• [WORK TASK]:
Using the data below, reproduce exactly the lines from the line with "1 October 2007;" to the line with "data)、生成查询(Generate queries)、安全操作(Operate safely)。", both included; pictures must be dropped.

SOURCE INFORMATION below:

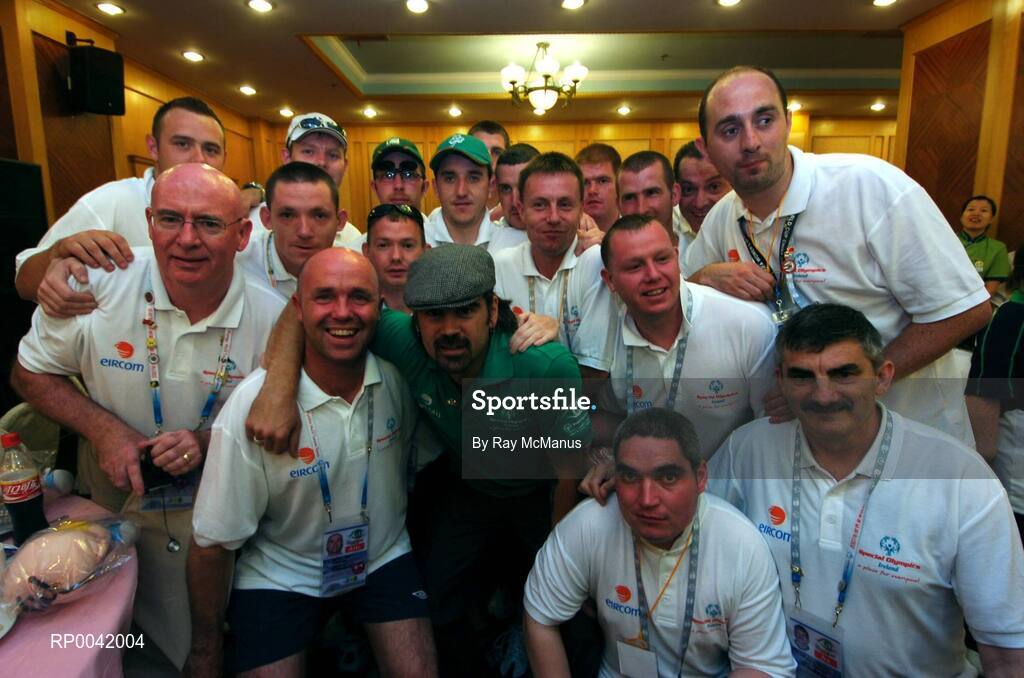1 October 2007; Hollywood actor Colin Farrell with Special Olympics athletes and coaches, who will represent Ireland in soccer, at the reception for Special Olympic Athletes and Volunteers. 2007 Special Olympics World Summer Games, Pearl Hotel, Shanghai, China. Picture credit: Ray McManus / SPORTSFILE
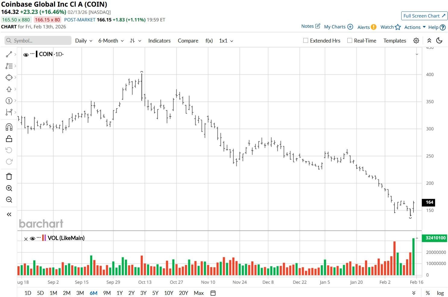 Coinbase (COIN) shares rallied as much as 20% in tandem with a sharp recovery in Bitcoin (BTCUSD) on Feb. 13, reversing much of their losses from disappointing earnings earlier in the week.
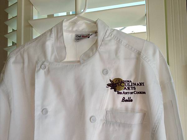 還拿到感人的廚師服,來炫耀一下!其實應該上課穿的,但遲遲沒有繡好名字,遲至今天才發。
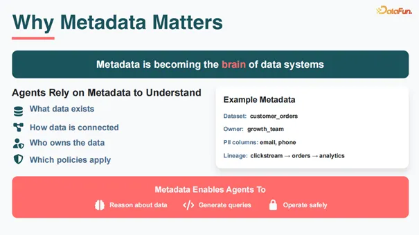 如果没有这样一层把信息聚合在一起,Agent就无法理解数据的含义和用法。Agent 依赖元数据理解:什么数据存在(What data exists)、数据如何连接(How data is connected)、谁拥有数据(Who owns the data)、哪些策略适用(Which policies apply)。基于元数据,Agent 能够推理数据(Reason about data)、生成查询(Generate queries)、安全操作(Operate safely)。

End of SOURCE INFORMATION.
SOURCE INFORMATION below:

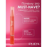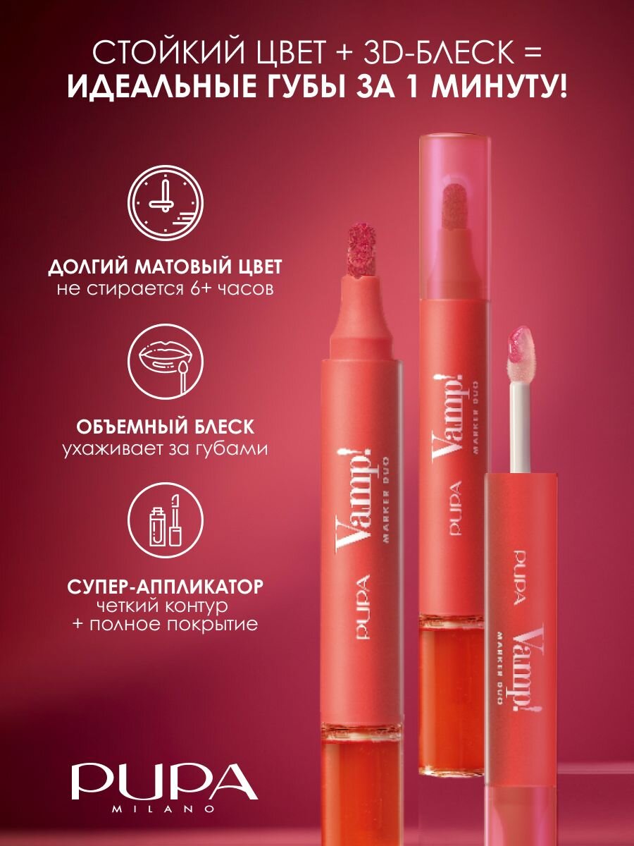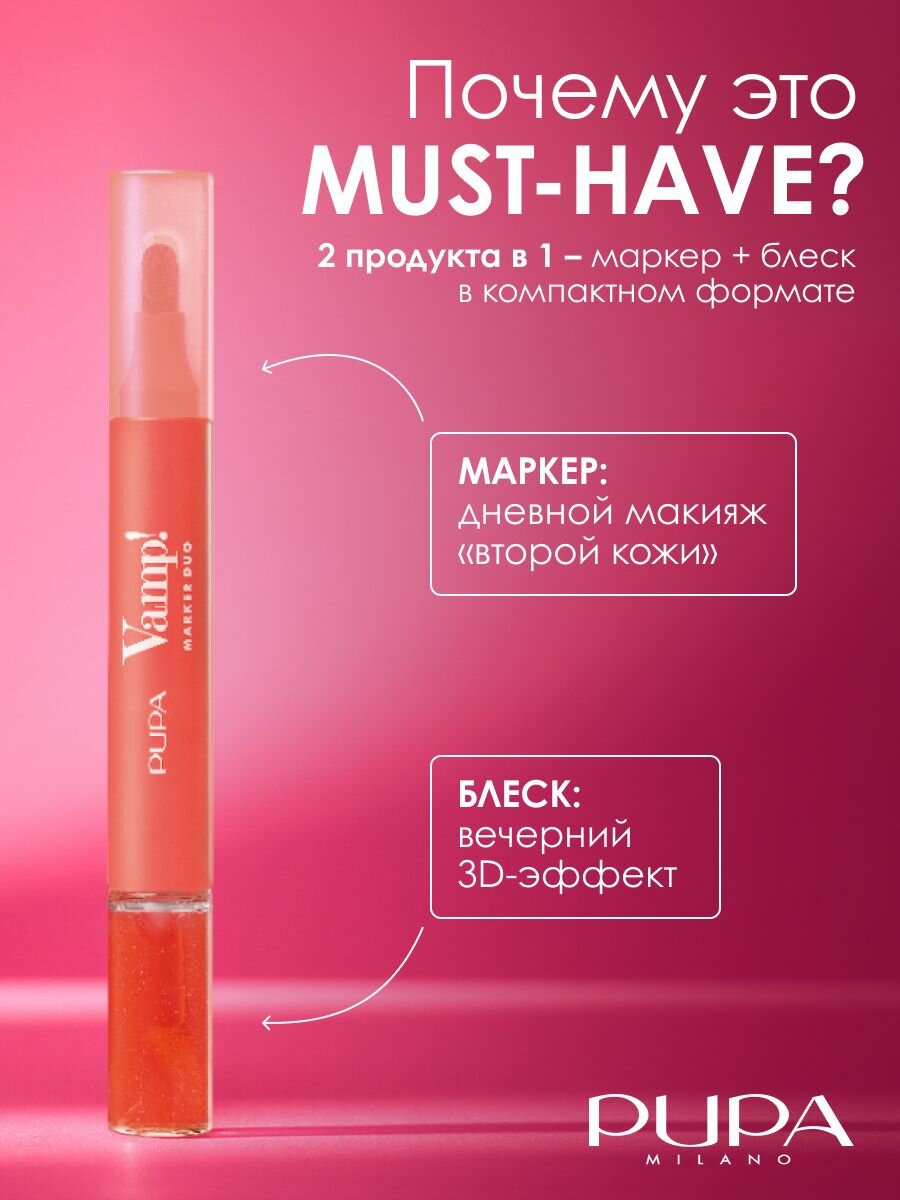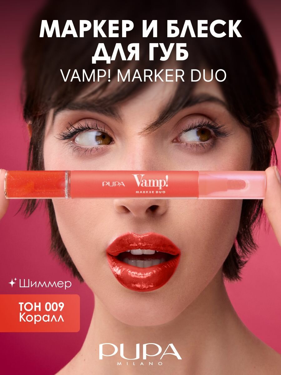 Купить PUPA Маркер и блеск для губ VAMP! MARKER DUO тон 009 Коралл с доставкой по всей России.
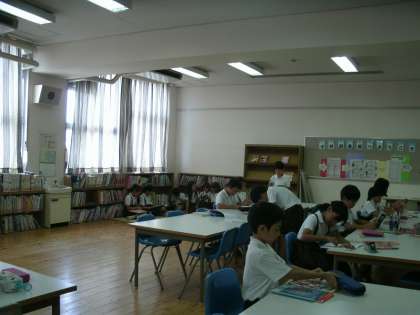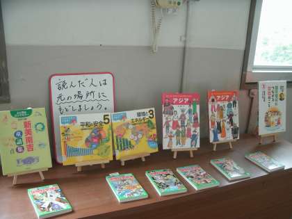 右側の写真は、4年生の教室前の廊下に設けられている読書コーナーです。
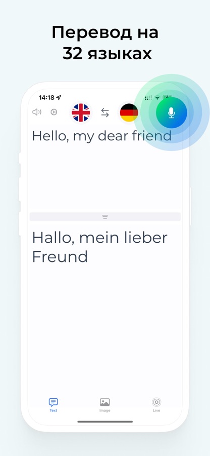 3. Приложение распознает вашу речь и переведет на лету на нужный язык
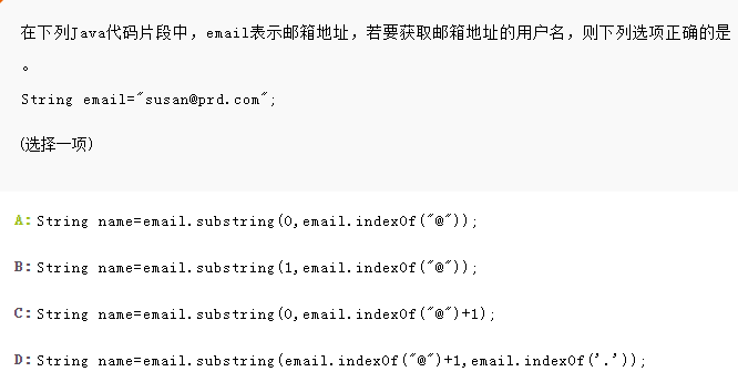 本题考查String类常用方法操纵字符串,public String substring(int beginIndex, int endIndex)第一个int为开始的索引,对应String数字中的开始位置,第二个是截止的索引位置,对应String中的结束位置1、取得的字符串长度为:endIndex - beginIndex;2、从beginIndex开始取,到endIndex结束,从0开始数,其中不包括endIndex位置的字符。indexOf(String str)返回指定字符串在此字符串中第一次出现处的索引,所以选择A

End of SOURCE INFORMATION.
SOURCE INFORMATION below:

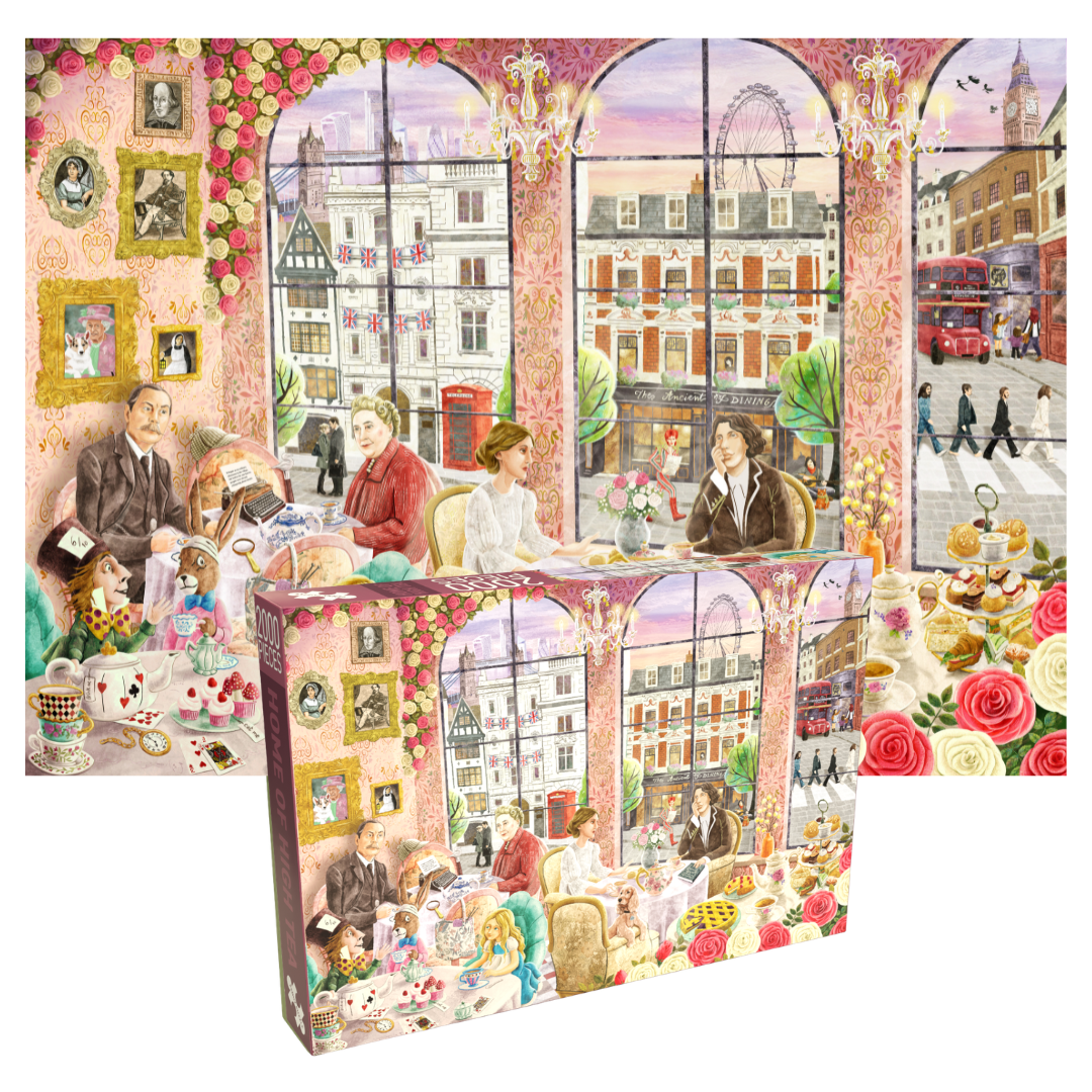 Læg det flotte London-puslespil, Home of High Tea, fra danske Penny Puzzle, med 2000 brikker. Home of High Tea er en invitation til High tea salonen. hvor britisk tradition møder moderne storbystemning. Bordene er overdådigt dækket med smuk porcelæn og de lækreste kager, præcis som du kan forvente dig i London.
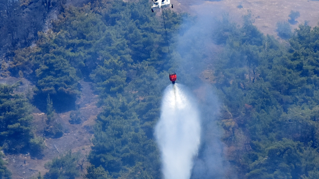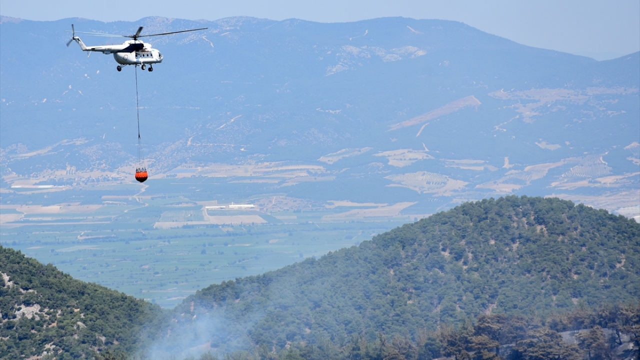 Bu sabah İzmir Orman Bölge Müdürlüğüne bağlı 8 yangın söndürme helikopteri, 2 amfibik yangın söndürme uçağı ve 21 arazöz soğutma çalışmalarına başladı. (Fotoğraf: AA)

End of SOURCE INFORMATION.

• [YOUR SOLUTION]:
1 October 2007; Hollywood actor Colin Farrell with Special Olympics athletes and coaches, who will represent Ireland in soccer, at the reception for Special Olympic Athletes and Volunteers. 2007 Special Olympics World Summer Games, Pearl Hotel, Shanghai, China. Picture credit: Ray McManus / SPORTSFILE
 Coinbase (COIN) shares rallied as much as 20% in tandem with a sharp recovery in Bitcoin (BTCUSD) on Feb. 13, reversing much of their losses from disappointing earnings earlier in the week.
 還拿到感人的廚師服,來炫耀一下!其實應該上課穿的,但遲遲沒有繡好名字,遲至今天才發。
 如果没有这样一层把信息聚合在一起,Agent就无法理解数据的含义和用法。Agent 依赖元数据理解:什么数据存在(What data exists)、数据如何连接(How data is connected)、谁拥有数据(Who owns the data)、哪些策略适用(Which policies apply)。基于元数据,Agent 能够推理数据(Reason about data)、生成查询(Generate queries)、安全操作(Operate safely)。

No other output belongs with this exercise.